BACKGROUND AND AIMS: little is known regarding the reproducibility of body fat measuring devices; hence, we assessed the between and within-device reproducibility, and the within-day variability of body fat measurements. METHODS: body fat percentage was measured twice on seventeen female students aged between 18 and 20 with a body mass index of 21.9 ± 2.5 kg/m2 (mean ± SD) using seven bipolar bioelectrical impedance devices. Each participant was also measured each hour between 7:00 and 22:00. RESULTS: the correlation between first and second measurements was very high (Spearman r between 0.985 and 1.000, p<0.001), as well as between devices (Spearman r between 0.916 and 0.991, p<0.001).

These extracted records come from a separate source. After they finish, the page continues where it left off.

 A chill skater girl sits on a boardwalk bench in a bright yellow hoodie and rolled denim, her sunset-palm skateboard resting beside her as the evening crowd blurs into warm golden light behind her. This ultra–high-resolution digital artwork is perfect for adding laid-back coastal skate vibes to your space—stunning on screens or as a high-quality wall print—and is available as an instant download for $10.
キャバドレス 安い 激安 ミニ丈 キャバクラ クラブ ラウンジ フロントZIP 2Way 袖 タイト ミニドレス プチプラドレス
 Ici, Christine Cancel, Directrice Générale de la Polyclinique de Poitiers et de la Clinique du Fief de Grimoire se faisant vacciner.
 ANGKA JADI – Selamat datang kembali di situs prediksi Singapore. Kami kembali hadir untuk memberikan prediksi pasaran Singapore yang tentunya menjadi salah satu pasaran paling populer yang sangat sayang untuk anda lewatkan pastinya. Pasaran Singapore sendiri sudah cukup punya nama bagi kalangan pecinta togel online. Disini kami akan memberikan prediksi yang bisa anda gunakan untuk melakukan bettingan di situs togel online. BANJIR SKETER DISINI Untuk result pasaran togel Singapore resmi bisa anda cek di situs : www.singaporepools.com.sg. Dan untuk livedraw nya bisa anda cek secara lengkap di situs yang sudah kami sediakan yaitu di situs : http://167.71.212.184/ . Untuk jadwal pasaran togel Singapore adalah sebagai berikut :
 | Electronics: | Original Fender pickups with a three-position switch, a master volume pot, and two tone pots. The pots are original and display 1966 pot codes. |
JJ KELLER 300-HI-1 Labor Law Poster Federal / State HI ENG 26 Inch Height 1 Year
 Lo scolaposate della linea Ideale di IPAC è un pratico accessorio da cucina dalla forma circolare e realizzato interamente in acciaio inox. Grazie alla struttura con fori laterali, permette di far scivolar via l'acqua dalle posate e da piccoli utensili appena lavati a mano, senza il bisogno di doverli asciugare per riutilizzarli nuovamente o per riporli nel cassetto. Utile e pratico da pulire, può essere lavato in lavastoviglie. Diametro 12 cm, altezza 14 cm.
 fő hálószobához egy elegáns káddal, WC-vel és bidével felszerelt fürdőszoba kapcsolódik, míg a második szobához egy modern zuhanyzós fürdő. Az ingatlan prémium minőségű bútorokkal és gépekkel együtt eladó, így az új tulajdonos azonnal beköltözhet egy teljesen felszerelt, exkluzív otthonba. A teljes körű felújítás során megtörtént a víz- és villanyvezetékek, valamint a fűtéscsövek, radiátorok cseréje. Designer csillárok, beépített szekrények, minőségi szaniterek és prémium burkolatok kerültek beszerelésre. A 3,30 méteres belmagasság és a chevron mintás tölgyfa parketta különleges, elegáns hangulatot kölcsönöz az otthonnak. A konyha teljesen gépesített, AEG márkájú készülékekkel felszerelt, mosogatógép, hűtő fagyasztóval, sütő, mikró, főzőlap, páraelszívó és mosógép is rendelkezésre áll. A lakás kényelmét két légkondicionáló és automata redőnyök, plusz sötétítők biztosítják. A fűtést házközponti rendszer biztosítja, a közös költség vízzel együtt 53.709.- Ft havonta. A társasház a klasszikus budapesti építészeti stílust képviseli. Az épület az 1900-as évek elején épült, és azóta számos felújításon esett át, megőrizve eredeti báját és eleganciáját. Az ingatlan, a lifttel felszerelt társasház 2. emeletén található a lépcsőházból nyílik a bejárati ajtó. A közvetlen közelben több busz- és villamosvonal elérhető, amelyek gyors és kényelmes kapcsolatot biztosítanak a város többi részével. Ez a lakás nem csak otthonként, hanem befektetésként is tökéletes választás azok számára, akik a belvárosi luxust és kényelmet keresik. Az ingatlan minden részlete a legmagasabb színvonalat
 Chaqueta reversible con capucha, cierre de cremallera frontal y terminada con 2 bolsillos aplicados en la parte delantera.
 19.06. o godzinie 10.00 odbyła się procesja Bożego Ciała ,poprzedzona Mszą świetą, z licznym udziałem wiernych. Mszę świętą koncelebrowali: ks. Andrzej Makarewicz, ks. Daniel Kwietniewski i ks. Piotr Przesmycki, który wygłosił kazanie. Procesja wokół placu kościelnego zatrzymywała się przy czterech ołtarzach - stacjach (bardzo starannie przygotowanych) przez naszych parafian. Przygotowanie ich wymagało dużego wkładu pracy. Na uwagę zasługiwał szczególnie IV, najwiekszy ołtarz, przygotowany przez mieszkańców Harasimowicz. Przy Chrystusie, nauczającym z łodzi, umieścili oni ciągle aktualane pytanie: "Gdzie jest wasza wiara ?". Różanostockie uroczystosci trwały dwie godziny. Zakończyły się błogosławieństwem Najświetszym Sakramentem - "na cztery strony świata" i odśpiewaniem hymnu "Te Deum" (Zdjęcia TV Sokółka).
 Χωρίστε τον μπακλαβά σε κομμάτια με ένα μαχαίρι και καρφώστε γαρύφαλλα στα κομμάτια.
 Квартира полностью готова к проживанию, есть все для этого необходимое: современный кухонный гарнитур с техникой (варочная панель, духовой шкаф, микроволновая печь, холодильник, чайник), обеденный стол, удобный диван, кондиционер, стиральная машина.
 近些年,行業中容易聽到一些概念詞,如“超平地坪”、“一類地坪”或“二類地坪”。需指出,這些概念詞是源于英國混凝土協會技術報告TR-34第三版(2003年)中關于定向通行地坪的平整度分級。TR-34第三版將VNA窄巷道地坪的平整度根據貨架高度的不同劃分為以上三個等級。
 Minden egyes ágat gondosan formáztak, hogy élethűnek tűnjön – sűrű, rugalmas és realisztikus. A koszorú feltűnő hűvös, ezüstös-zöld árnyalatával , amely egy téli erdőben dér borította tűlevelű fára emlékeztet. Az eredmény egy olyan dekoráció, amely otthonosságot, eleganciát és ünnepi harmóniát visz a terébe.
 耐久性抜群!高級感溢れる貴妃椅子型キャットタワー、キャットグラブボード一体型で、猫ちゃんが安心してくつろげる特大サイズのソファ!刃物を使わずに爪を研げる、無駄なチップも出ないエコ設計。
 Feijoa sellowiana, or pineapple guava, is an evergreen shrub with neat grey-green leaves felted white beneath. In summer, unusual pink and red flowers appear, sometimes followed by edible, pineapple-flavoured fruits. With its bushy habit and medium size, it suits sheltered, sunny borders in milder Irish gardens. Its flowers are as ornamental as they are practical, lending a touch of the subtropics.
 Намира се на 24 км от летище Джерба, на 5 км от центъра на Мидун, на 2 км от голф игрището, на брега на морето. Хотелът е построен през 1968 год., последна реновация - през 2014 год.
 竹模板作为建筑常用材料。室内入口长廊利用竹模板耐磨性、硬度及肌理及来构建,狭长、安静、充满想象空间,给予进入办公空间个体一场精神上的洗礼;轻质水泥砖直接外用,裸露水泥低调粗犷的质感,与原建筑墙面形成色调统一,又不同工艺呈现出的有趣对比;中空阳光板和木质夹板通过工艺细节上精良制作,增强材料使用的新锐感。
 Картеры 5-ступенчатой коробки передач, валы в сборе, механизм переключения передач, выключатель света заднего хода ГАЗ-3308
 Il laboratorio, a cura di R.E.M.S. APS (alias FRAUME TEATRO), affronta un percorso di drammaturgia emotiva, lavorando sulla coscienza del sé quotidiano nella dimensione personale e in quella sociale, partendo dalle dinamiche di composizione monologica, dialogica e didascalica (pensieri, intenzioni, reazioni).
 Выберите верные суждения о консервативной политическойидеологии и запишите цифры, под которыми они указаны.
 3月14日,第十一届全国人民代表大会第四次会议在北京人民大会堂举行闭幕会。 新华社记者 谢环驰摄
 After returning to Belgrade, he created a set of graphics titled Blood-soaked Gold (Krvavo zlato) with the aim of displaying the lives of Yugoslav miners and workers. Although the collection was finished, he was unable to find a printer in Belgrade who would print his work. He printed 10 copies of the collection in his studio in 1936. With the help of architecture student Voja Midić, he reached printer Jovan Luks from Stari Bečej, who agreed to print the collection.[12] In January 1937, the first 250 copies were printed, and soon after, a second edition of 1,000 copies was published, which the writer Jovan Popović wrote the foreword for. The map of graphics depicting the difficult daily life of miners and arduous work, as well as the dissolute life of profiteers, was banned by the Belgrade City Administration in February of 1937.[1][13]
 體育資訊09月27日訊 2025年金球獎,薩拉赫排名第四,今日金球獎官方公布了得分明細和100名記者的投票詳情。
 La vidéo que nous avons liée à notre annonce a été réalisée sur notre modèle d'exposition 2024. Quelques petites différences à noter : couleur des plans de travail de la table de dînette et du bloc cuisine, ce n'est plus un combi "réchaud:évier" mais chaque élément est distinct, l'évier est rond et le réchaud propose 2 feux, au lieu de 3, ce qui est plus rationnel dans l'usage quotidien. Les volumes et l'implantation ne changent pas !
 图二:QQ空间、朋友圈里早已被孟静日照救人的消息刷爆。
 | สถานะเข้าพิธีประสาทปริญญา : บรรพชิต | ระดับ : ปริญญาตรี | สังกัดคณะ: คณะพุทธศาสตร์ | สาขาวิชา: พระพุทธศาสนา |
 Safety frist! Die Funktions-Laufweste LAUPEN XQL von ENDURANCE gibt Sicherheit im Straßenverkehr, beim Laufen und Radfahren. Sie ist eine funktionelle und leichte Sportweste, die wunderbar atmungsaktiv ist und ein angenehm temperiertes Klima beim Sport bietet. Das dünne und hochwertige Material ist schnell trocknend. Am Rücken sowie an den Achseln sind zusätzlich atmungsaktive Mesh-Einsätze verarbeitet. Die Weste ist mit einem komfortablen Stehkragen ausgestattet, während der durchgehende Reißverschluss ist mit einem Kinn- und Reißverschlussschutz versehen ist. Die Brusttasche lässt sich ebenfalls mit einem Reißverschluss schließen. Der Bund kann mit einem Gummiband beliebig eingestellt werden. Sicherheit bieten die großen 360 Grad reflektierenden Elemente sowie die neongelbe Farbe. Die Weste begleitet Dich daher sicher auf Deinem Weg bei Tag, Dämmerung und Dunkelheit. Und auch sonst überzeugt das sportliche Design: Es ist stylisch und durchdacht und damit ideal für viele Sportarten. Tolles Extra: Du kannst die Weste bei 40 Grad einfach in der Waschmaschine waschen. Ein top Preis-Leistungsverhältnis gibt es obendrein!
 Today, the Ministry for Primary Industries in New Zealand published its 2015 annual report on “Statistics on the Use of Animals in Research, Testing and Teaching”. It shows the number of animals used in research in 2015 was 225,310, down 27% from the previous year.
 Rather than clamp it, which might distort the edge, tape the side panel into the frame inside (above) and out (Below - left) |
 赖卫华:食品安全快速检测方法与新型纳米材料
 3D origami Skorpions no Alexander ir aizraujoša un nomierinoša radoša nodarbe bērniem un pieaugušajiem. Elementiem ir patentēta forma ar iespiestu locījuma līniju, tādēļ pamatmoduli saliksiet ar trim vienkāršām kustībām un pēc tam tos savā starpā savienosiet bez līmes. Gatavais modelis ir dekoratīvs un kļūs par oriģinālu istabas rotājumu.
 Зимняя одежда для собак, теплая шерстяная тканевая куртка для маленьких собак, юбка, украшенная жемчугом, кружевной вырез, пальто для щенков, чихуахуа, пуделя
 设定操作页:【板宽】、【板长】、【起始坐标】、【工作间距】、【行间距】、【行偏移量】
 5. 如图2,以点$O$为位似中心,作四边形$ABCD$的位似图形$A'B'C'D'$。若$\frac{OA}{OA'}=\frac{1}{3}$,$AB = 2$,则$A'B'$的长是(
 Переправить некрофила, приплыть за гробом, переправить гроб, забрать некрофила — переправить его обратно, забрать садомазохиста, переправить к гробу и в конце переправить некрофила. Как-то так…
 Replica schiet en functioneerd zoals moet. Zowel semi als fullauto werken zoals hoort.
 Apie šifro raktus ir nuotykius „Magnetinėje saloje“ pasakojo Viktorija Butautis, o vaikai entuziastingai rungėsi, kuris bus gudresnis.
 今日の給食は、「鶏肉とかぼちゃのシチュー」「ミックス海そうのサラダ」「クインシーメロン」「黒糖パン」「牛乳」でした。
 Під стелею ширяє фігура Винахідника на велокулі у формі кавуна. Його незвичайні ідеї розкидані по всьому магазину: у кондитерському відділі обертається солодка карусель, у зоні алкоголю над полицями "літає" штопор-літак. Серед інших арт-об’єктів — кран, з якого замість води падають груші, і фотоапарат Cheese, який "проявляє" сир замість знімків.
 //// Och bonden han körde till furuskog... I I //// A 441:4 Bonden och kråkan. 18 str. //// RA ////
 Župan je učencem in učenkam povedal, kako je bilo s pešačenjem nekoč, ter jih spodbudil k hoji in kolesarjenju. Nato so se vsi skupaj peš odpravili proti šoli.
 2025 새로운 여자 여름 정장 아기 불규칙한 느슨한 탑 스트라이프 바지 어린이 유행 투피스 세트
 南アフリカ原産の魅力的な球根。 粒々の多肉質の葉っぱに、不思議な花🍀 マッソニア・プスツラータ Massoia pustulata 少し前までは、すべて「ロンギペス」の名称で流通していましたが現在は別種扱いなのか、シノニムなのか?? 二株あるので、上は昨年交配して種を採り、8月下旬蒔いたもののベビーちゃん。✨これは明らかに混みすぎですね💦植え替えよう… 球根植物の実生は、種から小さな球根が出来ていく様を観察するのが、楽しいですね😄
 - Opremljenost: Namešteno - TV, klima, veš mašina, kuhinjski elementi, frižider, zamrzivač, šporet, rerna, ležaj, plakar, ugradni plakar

Repeated measurements analysis showed no differences were between devices (p=0.59) or readings (first vs. second: p=0.74). Conversely, significant differences were found between assessment periods throughout the day, measurements made in the morning being lower than those made in the afternoon (F test for repeated values= 6.58, p<0.001). CONCLUSIONS: the between and within-device reproducibility for measuring body fat is high, enabling the use of multiple devices in a single study. Conversely, small but significant changes in body fat measurements occur during the day, urging body fat measurements to be performed at fixed times.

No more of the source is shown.